King's student begins presidential journey
Alex Kamara is closer than one might think to reaching his dream--By Jonathon M. Seidl
Alex Kamara fought in a war, served as helmsman on a 12,000-ton humanitarian ship that sailed the Atlantic Ocean and Caribbean Sea, and almost died when he was trapped under a whitewater raft in Norway. For most, those experiences would satisfy a mile-long bucket list. But not for Kamara—he still hasn’t achieved his ultimate goal. But he’s closer than one might think.
“My goal is to be the president,” Kamara said. “That’s the end all for me.”
Kamara, though, doesn’t dream of 1600 Pennsylvania Avenue. Instead, he longs for a different big, white house: the Sierra Leone capital building in Freetown, Sierra Leone, his West African home country.
Kamara grew up in Bo, Sierra Leone, the nation’s second largest city. His dad was the first person to have electricity in his neighborhood—a nice place by Sierra Leonean standards, with electricity and multi-story buildings made of cement, as opposed to the dirt and thatched buildings throughout the city and countryside. After civil war broke out in the 90s, a 16-year-old Kamara left his comfortable neighborhood and joined the pro-government militia, Kamajor (or Civil Defense Force), to suppress the rebels.
After fighting for eight months he moved to Gambia where he cut hair and worked other odd jobs. At one point he served as a bouncer. A newcomer unfamiliar with Gambian politics and crime, he proved himself by refusing club access to Gambia’s top gangster, using force to accent his point. After four years in Gambia, he joined Mercy Ships—large, floating hospitals that deliver care to poor all over the world—and spent another four years at sea. A Google search for Christian colleges in America and a letter from The King’s College’s admissions office brought him to King’s in the spring of 2005.
In 2004 Kamara received a letter from King’s explaining its mission. For him, it contained a key phrase. “The moment I read, ‘preparing leaders for the new millennium,’ I knew I was coming,” he said. It’s that decision, he added, that has brought him closer to the presidency than he ever dreamed possible.
“Being here in New York City has given me the opportunity to meet the movers and shakers of my country,” Kamara said. Last year he got an internship at the United Nations working with the Sierra Leonean Ambassador to the U.N., Professor Joe Robert Pemagbi. The Ambassador liked Kamara so much he began mentoring Kamara, giving him career advice and contacting other leaders on Kamara’s behalf. Kamara doesn’t take that lightly and knows his position with the ambassador is important for his future. “Even if you’re a file carrier in the ambassador’s office, and you go back home, you’re something big.”

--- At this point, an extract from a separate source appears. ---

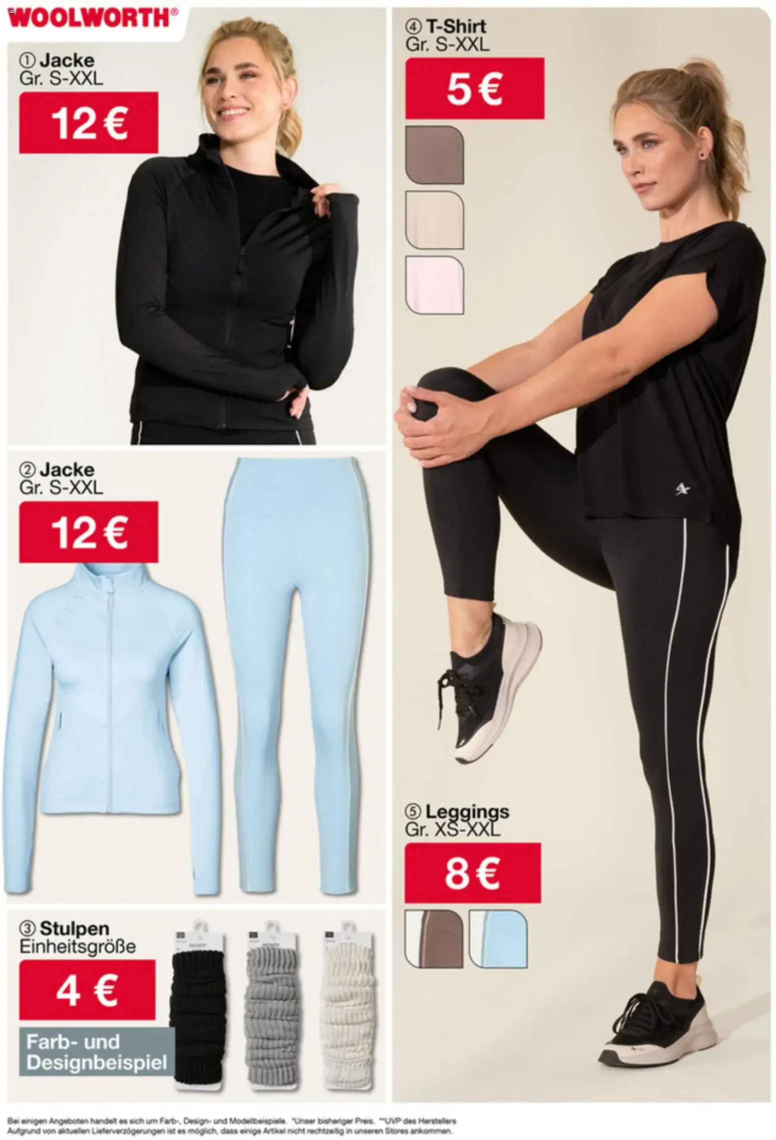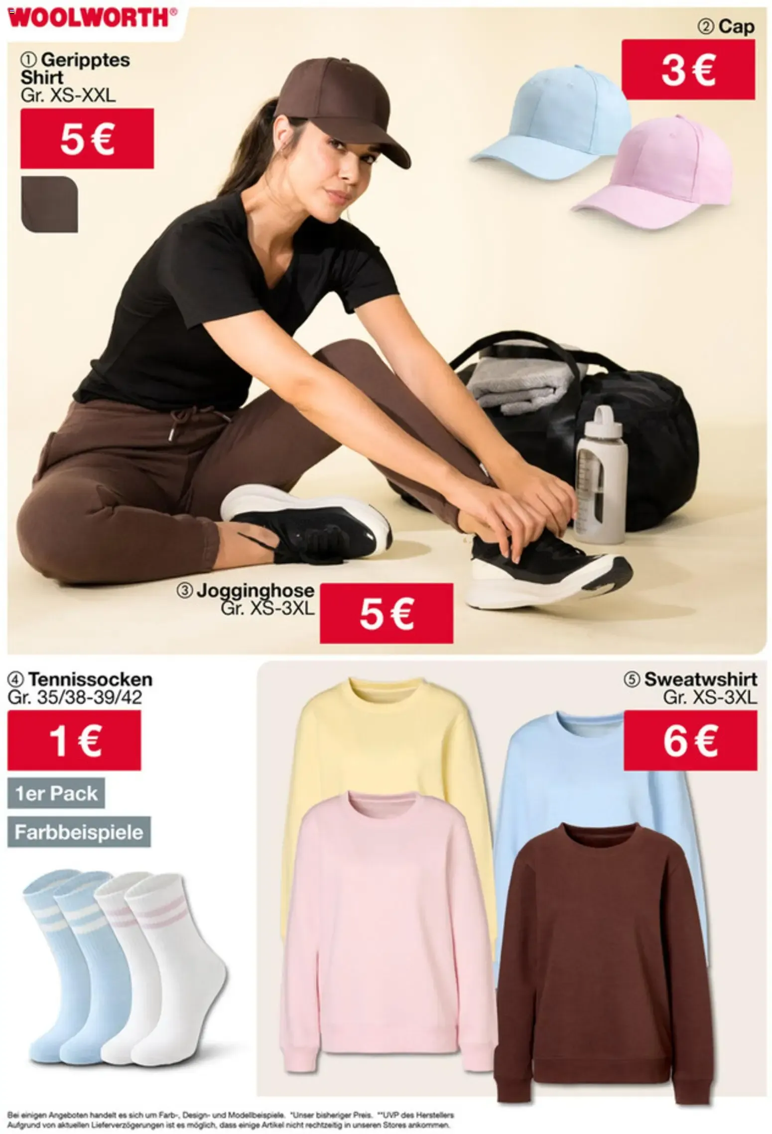 Auf dem Bild aus dem aktuellen Woolworth Prospekt Angebote sieht man eine Mode-Aktion mit verschiedenen Kleidungsstücken für Damen ?. Links trägt ein Model ein bequemes schwarzes Freizeit-Set bestehend aus Sweatshirt für nur 6 € und Jogginghose für 5 €, kombiniert mit weißen Sneakers ?. Das Outfit wirkt sportlich, modern und perfekt für entspannte Tage oder Freizeitaktivitäten.

That’s not all. In September Kamara attended a talk with current Sierra Leone President Ernest Bai Koroma at American University in Washington, D.C., and had the opportunity to speak with the recently-elected leader. Koroma was elected on a platform of change and promises to be tough on corruption, a rampant problem in Sierra Leone. Kamara challenged him on those promises, specifically asking about the pension program that has seen a quarter of a million people go without a single payment for five years. Kamara initially posed his question to a panel, but President Koroma, recognizing the question’s importance, answered it himself and addressed Kamara by name.
“I couldn’t believe it,” Kamara said with a big smile on his face. “He was talking directly to me! I felt so good. The whole time I was thinking, ‘he did not just call me by my first name, did he?’” Having been impressed by Kamara, the president approached Kamara afterwards, pulled him aside, and had a private conversation with him.
Equally impressed was the Sierra Leone Ambassador to the United States, Bockari Kortu Stevens. Afterwards, the ambassador invited Kamara back to D.C. to discuss raising funds for a much-needed bridge back home. Kamara will join other Sierra Leonean leaders in Washington on October 22-23, to begin talks.
For Kamara, meeting and talking with President Koroma was the start of something big. “That was the beginning of my political career,” he said. “People were coming and telling me I’m the next young guy to be a great politician back home.” Still, he remains humble, recognizing that God has put him in this position. He is also determined. After graduation he hopes to receive a presidential appointment and then return home and run for a senate seat. Always confident, he added, “And I won’t lose.”
As a political leader in his country, Kamara hopes to change the attitudes of his people. According to him, Sierra Leoneans distrust their business and government leaders. And rightfully so. Corruption there can seem more rampant than malaria. Kamara wants to change that. “A majority of our leaders want to corrupt; they want to keep the people down,” he said. “I’m going against the tide here.”
That rampant corruption means Sierra Leoneans often distrust the successful, the educated, and those seeking power. Success, then, is often discouraged, even while the country remains impoverished and “brain drain” is more than a small problem. “P.H.D., that’s what we have [in Sierra Leone]. Put Him Down syndrome,” Kamara explained.
But while he understands his countrymen may be skeptical, even hostile, that’s not going to keep Kamara from his dreams: “Most people won’t like it, but that’s my call.”